Nährwerte, Reste und Aufwärmen
Eine Portion Kritharaki mit Champignons und Erbsen kommt aus den obigen Mengen auf grob gerechnet 340 kcal und rund 12 g Eiweiß; mit 25 g Feta pro Teller sind es etwa 410 kcal. Reste halten abgedeckt 2–3 Tage im Kühlschrank. Beim Aufwärmen einen Schluck Brühe oder Wasser zugeben und langsam erhitzen, weil die Nudeln über Nacht nachquellen und sonst zusammenpappen. Einfrieren lohnt sich nicht – die Textur leidet stärker als bei normaler Pasta.
Häufige Fragen
Werden Kritharaki mit Champignons ohne Sahne cremig?
Ja. Die Orzo-Nudeln garen direkt in der Brühe und geben dabei Stärke ab, die die Flüssigkeit bindet. Häufiges Rühren, offenes Köcheln und 2–3 Minuten Ruhezeit reichen für die samtige Konsistenz.
Wie viel Brühe brauchen 250 g Kritharaki?
Rund 700–750 ml heiße Gemüsebrühe, also etwa die dreifache Menge der trockenen Pasta. Wird die Pfanne zu trocken, gießt du einfach einen Schuss nach.
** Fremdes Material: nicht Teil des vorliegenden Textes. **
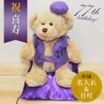 喜寿 お祝い プレゼント 77歳 誕生日 ぬいぐるみ ちゃんちゃんこ くま 刺繍 刺しゅう 名入れ 記念 くまぬいぐるみ テディベア Teddy bear 紫 長寿

Kann ich statt Champignons Möhren nehmen?
Ja. Zwei fein gewürfelte Möhren mit der Zwiebel 5–6 Minuten anschwitzen, damit sie weich werden. So entsteht eine mildere Pfanne mit Kritharaki, Erbsen und Möhren – beides zusammen geht auch.
Ist die Kritharaki-Pfanne mit Feta vegetarisch?
Mit Gemüsebrühe und Feta ja. Bei Hartkäse wie Parmesan lohnt der Blick auf die Zutatenliste, denn klassischer Parmesan enthält tierisches Lab.
Lässt sich daraus ein cremiger Kritharaki-Salat machen?
Ja. Die Nudeln ausgebreitet auskühlen lassen und mit Tomaten, Gurke, Oliven und Feta mischen. Ein Dressing aus Olivenöl, Zitronensaft und einem Löffel Joghurt hält den Salat cremig.